Матушевский не ответил. Дзержинский все понял, вспомнил прошлое лето, Варшавскую тюрьму и тот день, когда их выстроили на втором этаже, пересчитали, перед тем как вывести на прогулку, а дверь камеры, где сидел восемнадцатилетний Антек, сын того Яна Росола, что томился в ссылке, заперли ржавым, тягучим ключом.
"Почему Росол лишен прогулки?" - спросил тогда Дзержинский, а надзиратель ответил ему, позевывая: "Больной - шатается, что с похмелюги". - "Откройте дверь его камеры", - сказал Дзержинский.
Надзиратель хотел было погнать арестанта в строй - он имел на это право, но сквозь похмельную пелену вчерашнего дня разглядел жесткий, настойчивый взгляд Дзержинского.
- Идите, - сказал надзиратель, отпирая ключом дверь, - только я правду говорю: не может он гулять.

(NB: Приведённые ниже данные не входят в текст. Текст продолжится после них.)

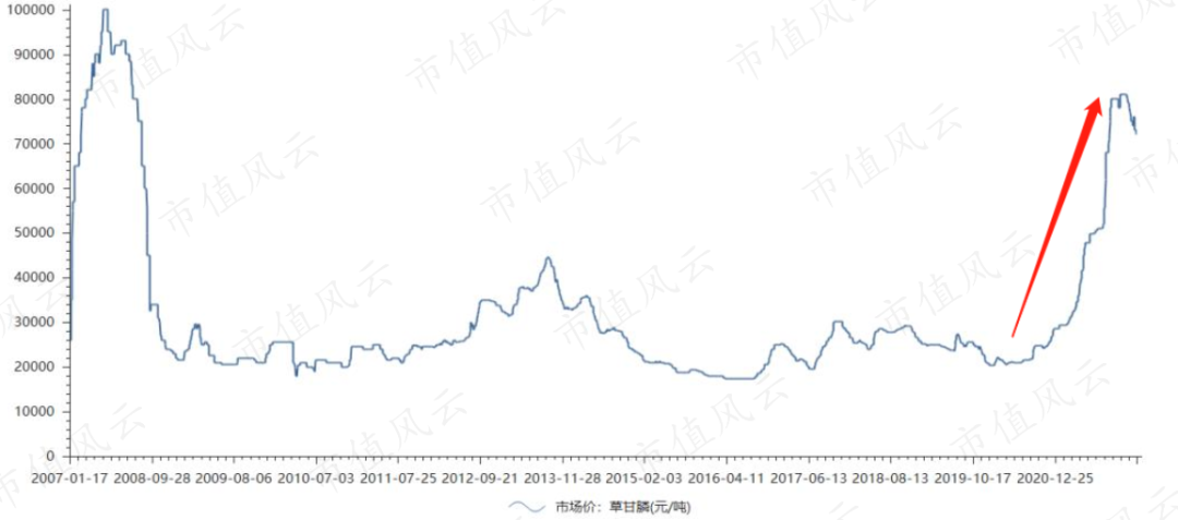 2020年,和邦生物的纯碱和双甘膦/草甘膦产品营收占比为91.26%(注:内部抵减前),所以,在和邦生物的业务没有发生明显改变的情况下,其2021年的业绩大爆发与纯碱和双甘膦/草甘膦产品密切相关。

Дзержинский вошел в комнату, а Антек потянулся к нему - худенький, ссохшийся; на придвинутом табурете чернильница-невыливайка, тетрадки для арифметики и чистописания, в тетрадках - слова красивые, с т а р а т е л ь н ы е.
- Вот, занимаюсь самообразованием, Астроном, - сказал Антек, - когда выйду, пригодится для агитработы...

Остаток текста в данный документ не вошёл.